*** Opening Raw data ***

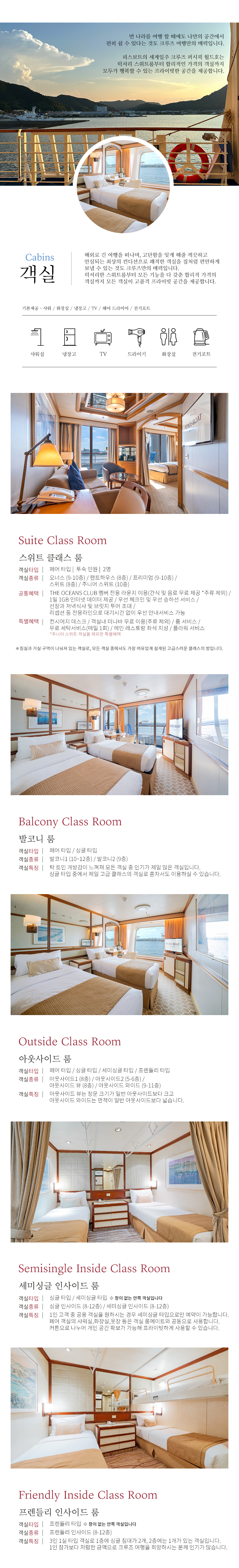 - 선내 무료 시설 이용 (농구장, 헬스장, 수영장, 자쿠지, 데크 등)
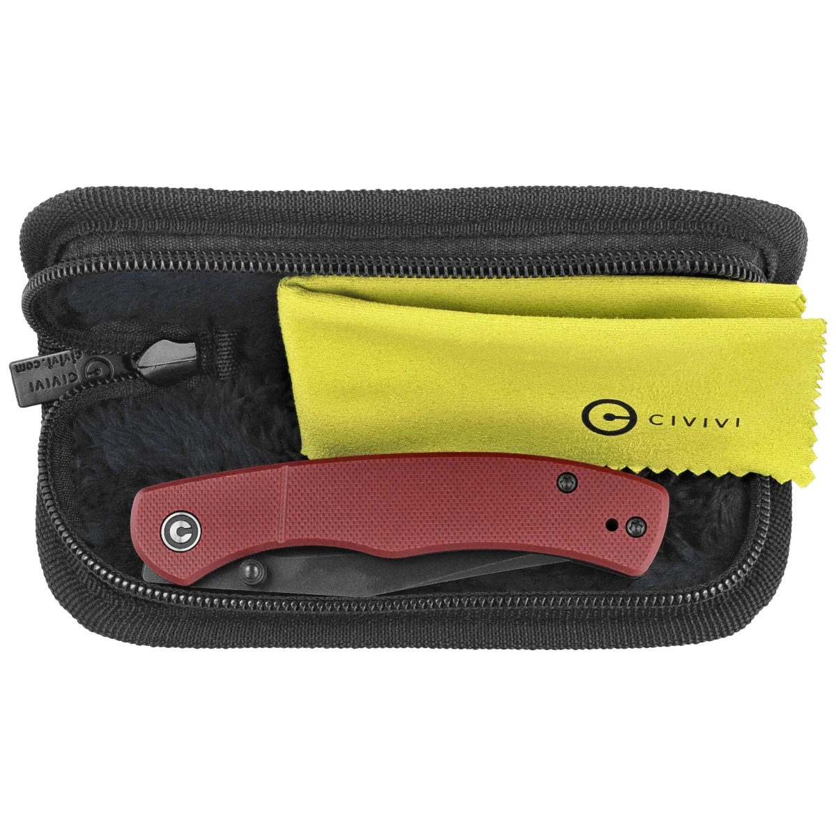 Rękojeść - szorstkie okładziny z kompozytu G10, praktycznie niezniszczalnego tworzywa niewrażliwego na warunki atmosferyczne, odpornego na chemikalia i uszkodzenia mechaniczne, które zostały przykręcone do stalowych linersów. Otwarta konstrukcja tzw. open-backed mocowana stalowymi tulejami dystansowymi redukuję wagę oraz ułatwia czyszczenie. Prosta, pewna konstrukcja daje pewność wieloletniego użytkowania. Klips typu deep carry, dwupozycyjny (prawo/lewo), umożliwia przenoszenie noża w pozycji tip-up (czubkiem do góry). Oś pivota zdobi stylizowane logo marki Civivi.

*** Closing Raw data ***
*** Opening Raw data ***

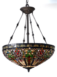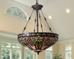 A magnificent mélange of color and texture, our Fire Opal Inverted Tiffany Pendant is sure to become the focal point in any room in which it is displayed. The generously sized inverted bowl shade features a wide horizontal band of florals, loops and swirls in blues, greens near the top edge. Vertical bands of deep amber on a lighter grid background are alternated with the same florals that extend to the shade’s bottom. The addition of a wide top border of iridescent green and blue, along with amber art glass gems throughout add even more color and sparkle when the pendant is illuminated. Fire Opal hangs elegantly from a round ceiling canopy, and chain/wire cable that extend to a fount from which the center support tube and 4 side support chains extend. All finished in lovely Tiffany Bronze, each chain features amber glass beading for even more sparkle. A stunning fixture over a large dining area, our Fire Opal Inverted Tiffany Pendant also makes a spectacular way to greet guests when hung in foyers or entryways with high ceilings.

*** Closing Raw data ***

• [Work instructions]: Restate word for word every line from the one with "- 선내 무료 시설 이용 (농구장, 헬스장, 수영장, 자쿠지, 데크 등)" up to and including the one with "Rękojeść - szorstkie" in the records above, minus the pictures.

• [Expected output]:
 - 선내 무료 시설 이용 (농구장, 헬스장, 수영장, 자쿠지, 데크 등)
 Rękojeść - szorstkie okładziny z kompozytu G10, praktycznie niezniszczalnego tworzywa niewrażliwego na warunki atmosferyczne, odpornego na chemikalia i uszkodzenia mechaniczne, które zostały przykręcone do stalowych linersów. Otwarta konstrukcja tzw. open-backed mocowana stalowymi tulejami dystansowymi redukuję wagę oraz ułatwia czyszczenie. Prosta, pewna konstrukcja daje pewność wieloletniego użytkowania. Klips typu deep carry, dwupozycyjny (prawo/lewo), umożliwia przenoszenie noża w pozycji tip-up (czubkiem do góry). Oś pivota zdobi stylizowane logo marki Civivi.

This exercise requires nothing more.